Him being black may have had an impact (who am I kidding, racists definitely jumped on it), but he was in a position that would've gotten tons of scrutiny compared to the others no matter his skin color.
Playing around with Google trends a bit, it looks like "Johnny Depp trial," at the peak, was more searched than "Jonathan majors trial," at the peak, by a factor of 99 to 1. And the Depp trial was more tawdry, but much less legally or commercially significant. So honestly, I'm not sure there's a single reason, per se. I think the most reasonable explanation is probably virality. It picked up a bit, so people started talking about it more trying to get clicks, which led to more people talking about it, and so on.
Domestic abuse cases often aren't tried, because it's difficult for the prosecution to produce hard evidence. Domestic abuse usually occurs behind closed doors, and is a he said, she said case with some circumstanstial evidence.
To back up more, there's a difference between a civil case and a criminal case. A criminal case is always pursued by a prosecutor hired by the state. The bar for a criminal case is substantially higher; the court must be 99% sure the defendant is guilty to render a guilty verdict. If the court is merely 95% sure that they committed a crime, that's supposed to be an innocent verdict. Meanwhile, in a civil case, the court merely needs to be 51% sure the plaintiff is on the wrong. That's why many domestic abuse cases are not pursued by prosecutors, and instead the victim tries in civil court.
The reason why Majors would be arrested and tried and not the others would be the evidence the prosecution had. For Majors, he committed his domestic abuse in the Chelsea district of Manhattan (which, if you don't know, is a very active part of America's largest city), and it was caught on security footage. Can't get much harder than that. When corroborated by pictures of injuries as well as bodycam footage from a prior 911 call, that's a strong case.
And indeed, he was convicted of reckless assault and harassment by a jury of his peers.

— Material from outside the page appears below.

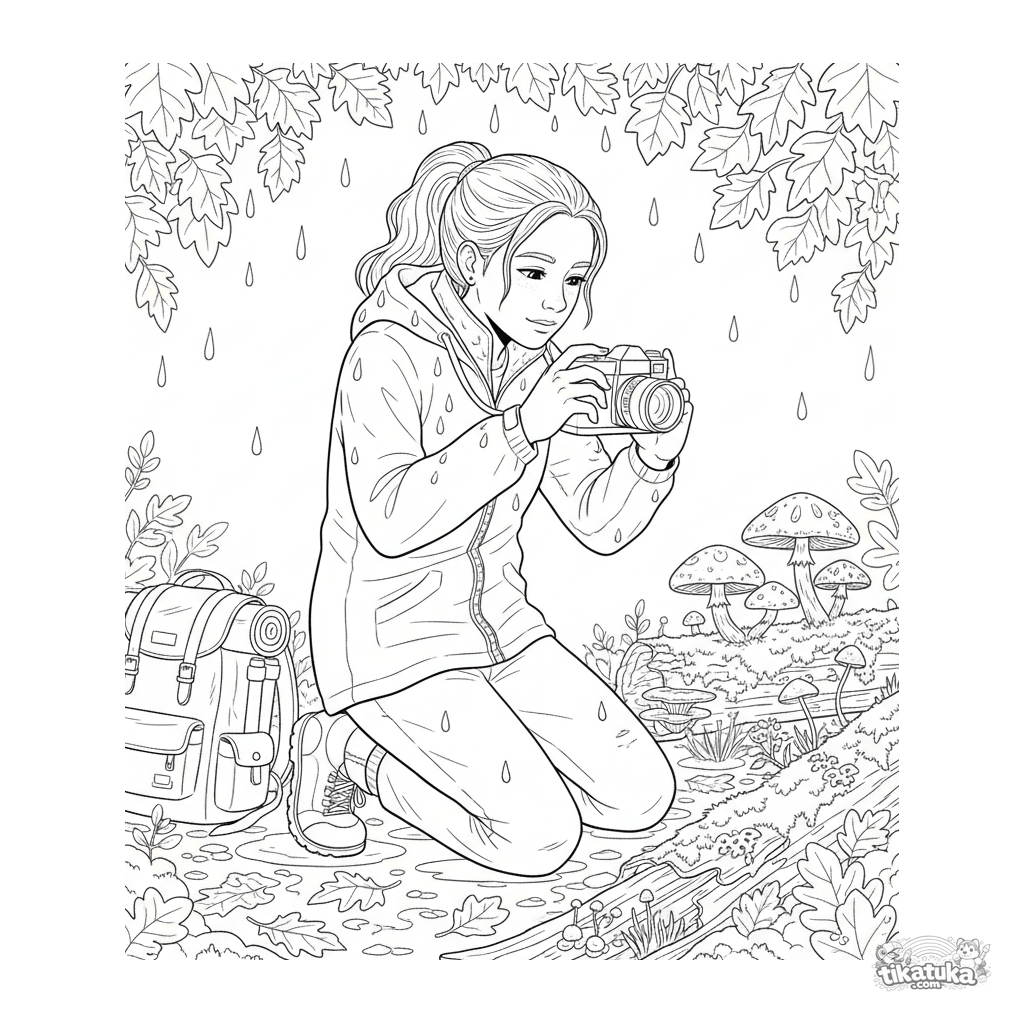 Ausmalbild für ältere Kinder 10-12: ein Teenager in Regenkleidung fotografiert Pilze auf einem moosigen Baumstumpf im Herbstwaldregen. Feldhandbuch-Detail, Texturen.

I guess, to summarize, the default is that domestic abuse cases don't have enough evidence to meet the standard for criminal court. Majors did his domestic abuse in public, and was caught on security footage. That's the difference.
I have to assume because there's less repercussions for the perpetrator if they are found guilty in a civil trial?
So how come Miller didn't face a trial for the choking incident that apparently surfaced on social media?
Jurisdiction. It would be Iceland’s court that would have jurisdiction over that case. I assume Miller left and never looked back.
That being said, he did get tried and convicted in Hawaii for assault, so it’s not like prosecutors are afraid to charge him.
Liable, not guilty. OJ Simpson was found not guilty for the murders but was found liable. The consequences were financial instead of prison.
Ezra Miller and Shia Laboeuf are pretty shitty people, and they are violent, but Jonathan Majors damn near murdered that girl. He literally strangled her unconscious before calling 911 to save her life.
https://en.wikipedia.org/wiki/Jonathan_Majors
You don’t see a difference in severity in these cases? He was arrested on charges of strangulation and she was in fact unconscious with neck injuries. That to me seems substantially worse than anything the others did.
The outcome of the trial seems irrelevant to your question about the public interest because the public interest is based on the lead up to the trial and evidence we know about before the trial. What we had to go on prior to the trial is Jonathan Majors was potentially an attempted murderer.
Jonathan Majors is Black. The other two aren't.
It may not be THE factor, but it is a factor, and I'd argue a big one.